INTERROBANG! That’s not a euphemism. by the way. It’s a really real thing.

I’m too tired to properly explain colons. Click here. It’s helpful, if not a weirdly-formatted site. Also, if you say the word “colon” without giggling like a child, your heart is dead in your chest. DEAD I TELL YOU. The colon is used like a sadder semicolon, I guess. (“Jimmy only liked one girl: Helen. And Helen wished he would die in a fire.”) Or if you’re telling time. OH COLON. I am just messing with you. I love you, too, colon. Heh. Colon.

Now…ADVANCED PUNCTUATION YOU CAN’T FIND ON YOUR KEYBOARD.

This is a snark mark. It is used to denote SARCASM. Are you not completely entranced and in love right now? Who doesn’t want a punctuation mark to denote sarcasm? It’s tough to do that online, you know? Or sometimes people think you’re being sarcastic and send you messages all “oh, shit, I think I offended you, sorry” and then you have to go back and look through everything you emailed/tweeted/commented/blogged and see what could have been misconstrued as “I was upset” when you’re not even FEELING upset because you were being SARCASTIC and it didn’t read well online. It’s not always easy to be a sarcastic bitch online.

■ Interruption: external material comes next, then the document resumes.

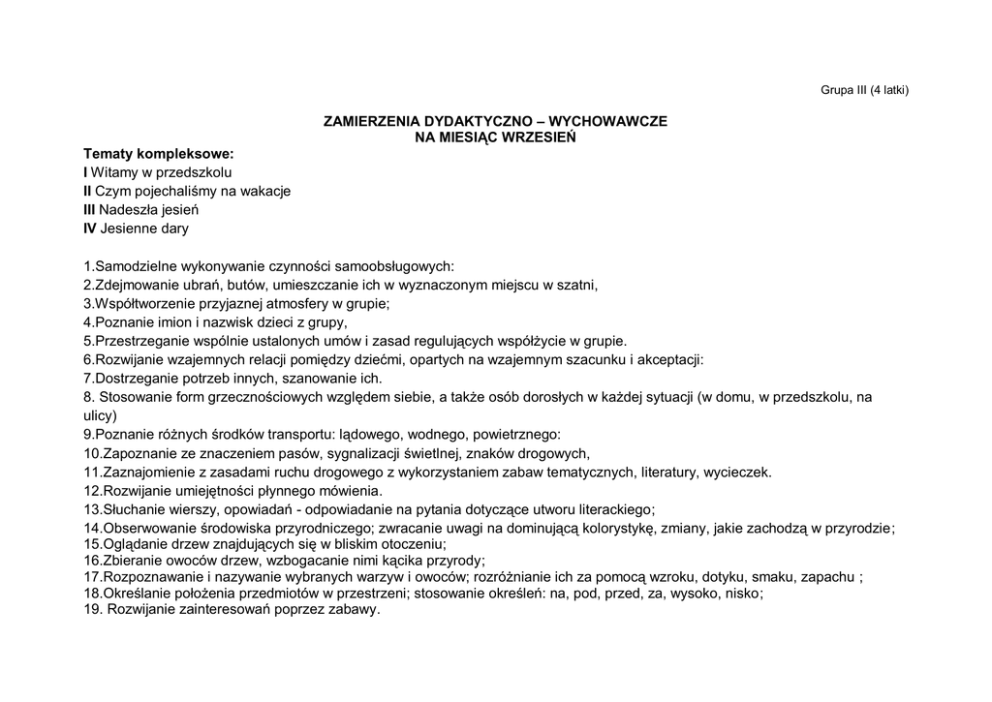 Grupa III (4 latki) ZAMIERZENIA DYDAKTYCZNO – WYCHOWAWCZE NA MIESIĄC WRZESIEŃ Tematy kompleksowe: I Witamy w przedszkolu II Czym pojechaliśmy na wakacje III Nadeszła jesień IV Jesienne dary 1.Samodzielne wykonywanie czynności samoobsługowych: 2.Zdejmowanie ubrań, butów, umieszczanie ich w wyznaczonym miejscu w szatni, 3.Współtworzenie przyjaznej atmosfery w grupie; 4.Poznanie imion i nazwisk dzieci z grupy, 5.Przestrzeganie wspólnie ustalonych umów i zasad regulujących współżycie w grupie. 6.Rozwijanie wzajemnych relacji pomiędzy dziećmi, opartych na wzajemnym szacunku i akceptacji: 7.Dostrzeganie potrzeb innych, szanowanie ich. 8. Stosowanie form grzecznościowych względem siebie, a także osób dorosłych w każdej sytuacji (w domu, w przedszkolu, na ulicy) 9.Poznanie różnych środków transportu: lądowego, wodnego, powietrznego: 10.Zapoznanie ze znaczeniem pasów, sygnalizacji świetlnej, znaków drogowych, 11.Zaznajomienie z zasadami ruchu drogowego z wykorzystaniem zabaw tematycznych, literatury, wycieczek. 12.Rozwijanie umiejętności płynnego mówienia. 13.Słuchanie wierszy, opowiadań - odpowiadanie na pytania dotyczące utworu literackiego; 14.Obserwowanie środowiska przyrodniczego; zwracanie uwagi na dominującą kolorystykę, zmiany, jakie zachodzą w przyrodzie; 15.Oglądanie drzew znajdujących się w bliskim otoczeniu; 16.Zbieranie owoców drzew, wzbogacanie nimi kącika przyrody; 17.Rozpoznawanie i nazywanie wybranych warzyw i owoców; rozróżnianie ich za pomocą wzroku, dotyku, smaku, zapachu ; 18.Określanie położenia przedmiotów w przestrzeni; stosowanie określeń: na, pod, przed, za, wysoko, nisko; 19. Rozwijanie zainteresowań poprzez zabawy. Planowane uroczystości i akcje: Udział dzieci w ogólnopolskiej Akcji „Sprzątanie świata” – wspólne porządkowanie terenu wokół przedszkola. „Światowy Dzień Przedszkolaka” – uroczystość ogólnoprzedszkolna. Wiersz do nauki: „Jestem samodzielny” Sam buty ubieram zapinam ubranie. Potrafię też ładnie sam zjeść śniadanie. Na miejsce zawsze zabawki układam bardzo nie lubię kiedy jest bałagan Chcę być samodzielny. grzeczny i lubiany i o wszystko ciągle nie pytać wciąż mamy. Piosenka do nauki: „Do przedszkola” I. Idą dzieci do przedszkola Idą gromadkami gromadkami, gromadkami Do białego domku z dużymi oknami 2x Ref. Raz, dwa, trzy, cztery Raz, dwa, trzy II. Weszły dzieci do przedszkola wszystko je ciekaw, oj ciekawi, oj ciekawi Tu się będą uczyć , tu się będą bawić 2x Ref. Raz, dwa, trzy, cztery Raz, dwa, trzy.

OK. This is longer than like a month of posts. I LOVE YOU, PUNCTUATION! Thank you for making things easier for us to understand things, and for making things like this NOT happen:

Happy National Punctuation Day! Don’t forget: knowing how to properly punctuate a sentence makes you AWESOME LIKE A SPARKLY VAMPIRE! (Ugh, I can’t even pull that off. Sorry. Cool like ME. You can be cool like ME. That HAS to be better than a sparkly effing vampire, right?)